Thankfully, the land use agencies I’ve been discussing will affect the material reality of racial inequity even without an explicit mandate to do so. The thicket of regulations I have been going on about is precisely what maintains our current system of segregated cities. The thicket of regulations I have been going on about is precisely what white enclaves use to displace noxious developments onto minority communities. The thicket of regulations I have been going on about is precisely what maintains our system of housing scarcity, which serves primarily to enrich those already rich in land—which is to say, those who have historically benefited from our segregated system of housing. By cutting down this thicket of regulations and replacing it with centralized, democratically accountable state agencies, we have a chance to chip away the de facto supports of our de facto segregation.
Over the course of this essay, I have developed a series of considerations about the future of land use regulation in the United States. We should create state-level agencies with the expertise to address complicated and interconnected issues with an eye to overall costs and benefits. These agencies should be accountable to democratic majorities, not hyperlocal cliques. They should have the power to directly regulate land use and override existing veto points, and they should shift the burden of proof onto those who want to block development. Ideally, these agencies would receive matching federal funds to build or purchase public housing, but versions of them can be directly created by states. These agencies will promote housing affordability, promote decarbonization, and mitigate racial segregation.
These desiderata are the shape of an agency, but lacking in details. This is not the end of the conversation but hopefully the start of one: what is a structural solution to the structural problem of land use regulation in the United States?
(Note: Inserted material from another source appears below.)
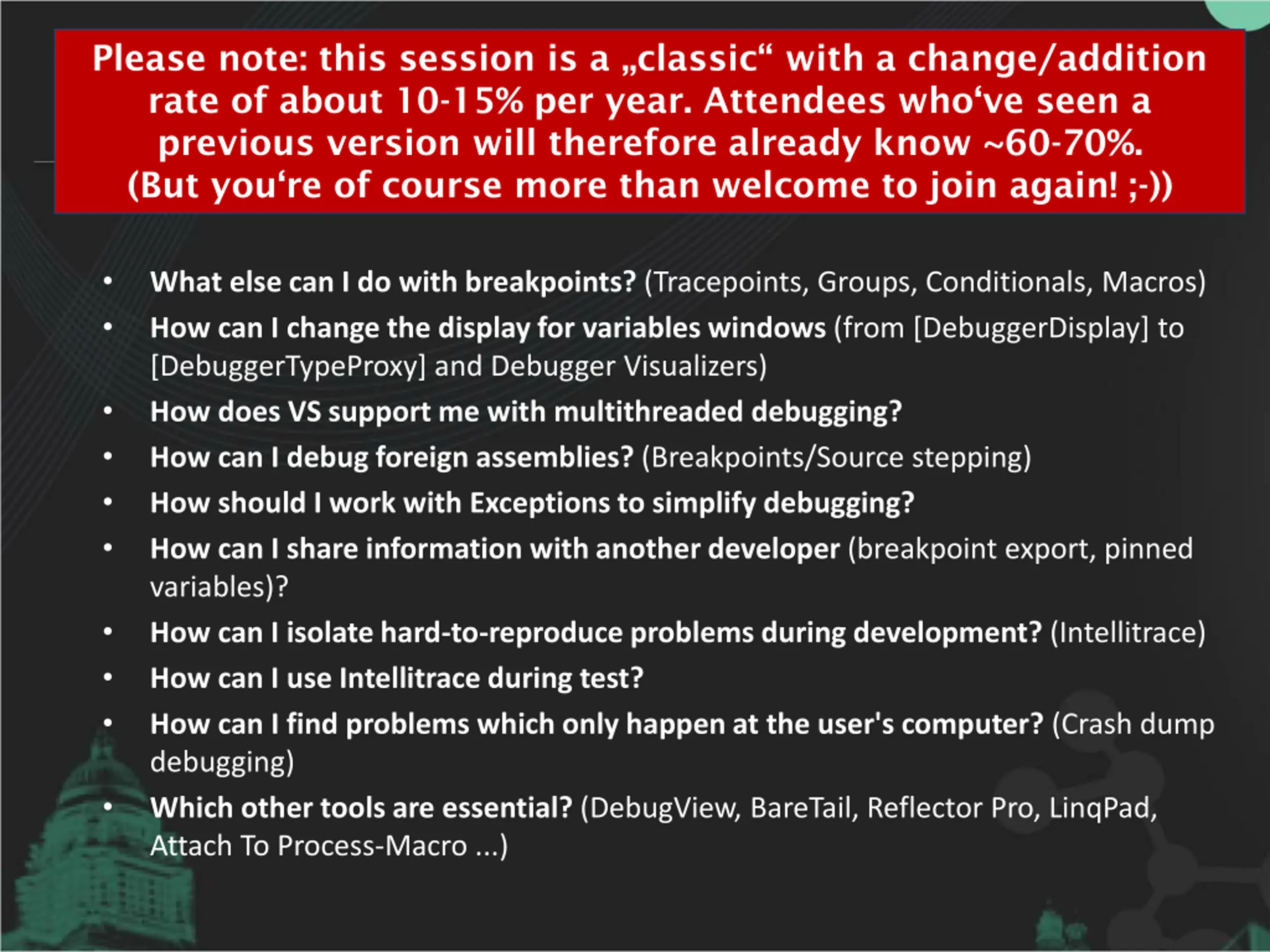 Please note: this session is a classic with a change/addition rate of about 10-15% per year. Attendees who ve seen a previous version will therefore already know ~60-70%. (But you re of course more than welcome to join again! ;-)) What else can I do with breakpoints? (Tracepoints, Groups, Conditionals, Macros) How can I change the display for variables windows (from [DebuggerDisplay] to [DebuggerTypeProxy] and Debugger Visualizers) How does VS support me with multithreaded debugging? How can I debug foreign assemblies? (Breakpoints/Source stepping) How should I work with Exceptions to simplify debugging? How can I share information with another developer (breakpoint export, pinned variables)? How can I isolate hard-to-reproduce problems during development? (Intellitrace) How can I use Intellitrace during test? How can I find problems which only happen at the user's computer? (Crash dump debugging) Which other tools are essential? (DebugView, BareTail, Reflector Pro, LinqPad, Attach To Process-Macro ...)

In closing I want to return to one fundamental truth: we are living through a national and indeed global catastrophe that requires immediate and drastic action. Change may have some downsides—but the status quo has even more. Environmental regulations like CEQA and NEPA might have cleaned up our air, cleaned up our water, cleaned up our cities—but now they are strangling our economy, choking our future, and cooking our planet. They and other “citizen voice” programs emerged to solve real problems. But as our problems change, so must our solutions. We are not facing three separate crises concerning climate, housing affordability, and racial segregation. Rather, there is one single question: how do we, as a society, use land? How do we develop our built environment? We must develop new institutions that enable us to answer this question in an efficient, equitable, and democratic manner.